Chapter 6 – Confessions

<< Chapter 5 – Evasions

Gin Bottle Blues

By Catherine Heath

January 2015

Chapter 6 – Confessions

I curl up in the front seat of the car as we drive along the motorway, windows rolled all the way down. Charlie’s aviators reflect the bright midday sun and his hair billows back in the wind. He drives with his right arm resting on the window, the left draped casually over the steering wheel.

Even behind the sunglasses, I can tell he keeps glancing nervously at me. I feel like my insides have been scooped out and dumped on the road in front of me, and we keep driving over them, over and over as the wheels turn at seventy miles an hour. It’s a good feeling.

“You’re still barefoot?” he comments, after a while.

“There didn’t seem to be any point in just wearing one.”

At this point, Charlie has to answer his phone – it’s Racine. He holds it illegally between shoulder and ear, head cocked to the side while staring straight at the road.

I can’t help but suppress a small smile when her voice immediately begins to squawk.

“Thom nearly drowned, and you punched him?” I hear her say, between the roar of the wind and the chatter of my thoughts. She really does know everything. “You’re the worst brother ever!”

Charlie fobs her off, laughing, and we grin at each other when he hangs up.

“Thanks, Charlie,” I find myself saying. “You’re a good brother, really.”

“Am I better than Racine?”

“A better brother, yeah.”

“So do you want to go to Australia?” he says. “I admit that was kind of why I brought you here. I think it would be fun.”

I find this hard to digest. “That’s an amazing offer,” I say slowly. “I’d have to think about it.”

“Sure. I understand.”

“I will decide soon, I promise. I just don’t want to run away from anything.”

The trees flash past us, sentinel to the understanding that has grown between us. Charlie turns the radio on.

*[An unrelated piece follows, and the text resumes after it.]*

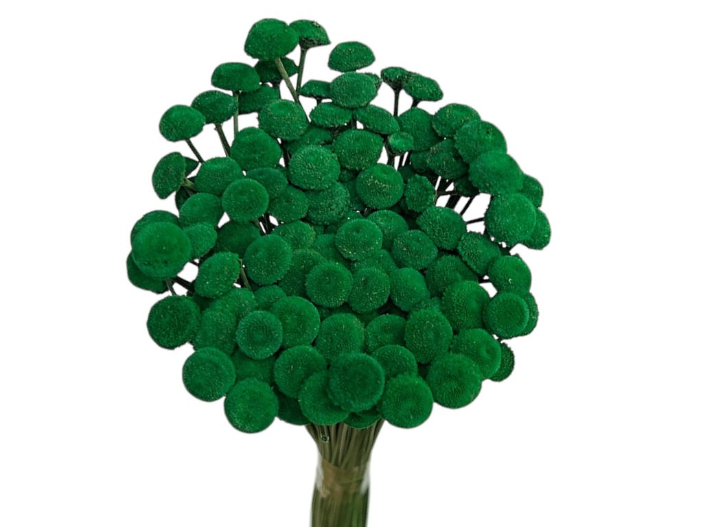 Yellow Button flowers were once used in Brazil during celebrations as a symbol of joy and new beginnings. In the European environment, dark green shades are mainly associated with Christmas – they resemble coniferous branches and eternal greenery, which symbolizes life and hope even in winter. Therefore, Button flowers in this color are perfectly suited for advent wreaths, festive table decorations, and Christmas arrangements.

Clouds stream in ribbons across the sun, creating stripy shadows across both of us. I feel like I know what we’re hovering on the edge of.

“Are you going to speak to him?” Charlie says.

I don’t answer straight away - mainly because I have the sensation of a fist clenching my throat. It’s hard to breathe.

I lower my shoulders and straighten my posture, forcing myself to inhale deeply, using one of the techniques I taught myself to stop the panic attacks.

“No,” I respond instinctively, without finishing the thought in my head. Charlie frowns.

“I think you should confess.”

Despite my reservations, and a deep-seated horror of the potential consequences, I know he’s right. It’s inevitable.

*

I feel like I’m walking to the gallows as I trudge up the steps of our building, trying to sidestep shards of broken glass and cigarette butts. I’ve declined Charlie’s offer to come in with me.

My key is turning loudly in the door, scraping past the interior metal grooves, and it swings open heavily. A bright square of light is all I can see as the bleak midday sun is blazing in the flat.

“Hello?” Harry says suspiciously.

“Hi.”

“Mate, where have you been?” Harry exclaims loudly, when he sees me. Oh, yeah – I didn’t tell him I was leaving. “I thought you might be dead! And...” He looks down. “Why aren’t you wearing any shoes?

Wishes?

“Don’t hate me,” I say, feeling sick.

“Why would I hate you?” he asks, without missing a beat. “You’re my best friend, man… Are- are you okay?”

“I have to tell you something.” He doesn’t speak. “I...” I know I’m probably scaring him.

“Go on…” he urges.

I inhale a rattling breath with difficulty. Harry’s staring straight at me, looking the most serious I’ve ever seen him. I notice with surprise that his face is completely unbruised now, and he’s back to his old handsome self.

I have to force the words out, as it’s going against my every screaming nerve. This has gone on for too long.

“I hate myself for this, I really do, but- I’m- I’m in love with Lucy.” The last four words burst out in a rush and there’s a huge pause.

Harry sucks in a sharp breath and flicks his lighter against the rolled-up cigarette hanging between his lips. His face clouds for a moment.

“I know.”

“You do? Fucking Racine!” I shout before I can stop myself, flinging an arm out to steady myself as I stumble into the wall. I knock against a painting and it careers wildly but doesn’t fall.

“No- no-“ he protests. “-no, no one told me. Like I said, you’re my best friend. I could just tell. That’s why I broke up with her.” It seems almost like he was ready for this conversation.

What?”

“I couldn’t stand to watch what it was doing to you. It was hurting you. And we were never going to get married, anyway.”

There’s a ringing in my ears.

My delayed response comes out wry. “So... you broke up with her for me.”

“In essence, yes.”

There’s a silence while I try and fail to think of something to say.

Harry breaks it.

“Are we still friends, then?”

To my shame, I feel my eyes grow moist again. I’m sure I’ve spent this whole weekend crying like a girl.

I think for a moment, before a warm glow settles over me, like smoke.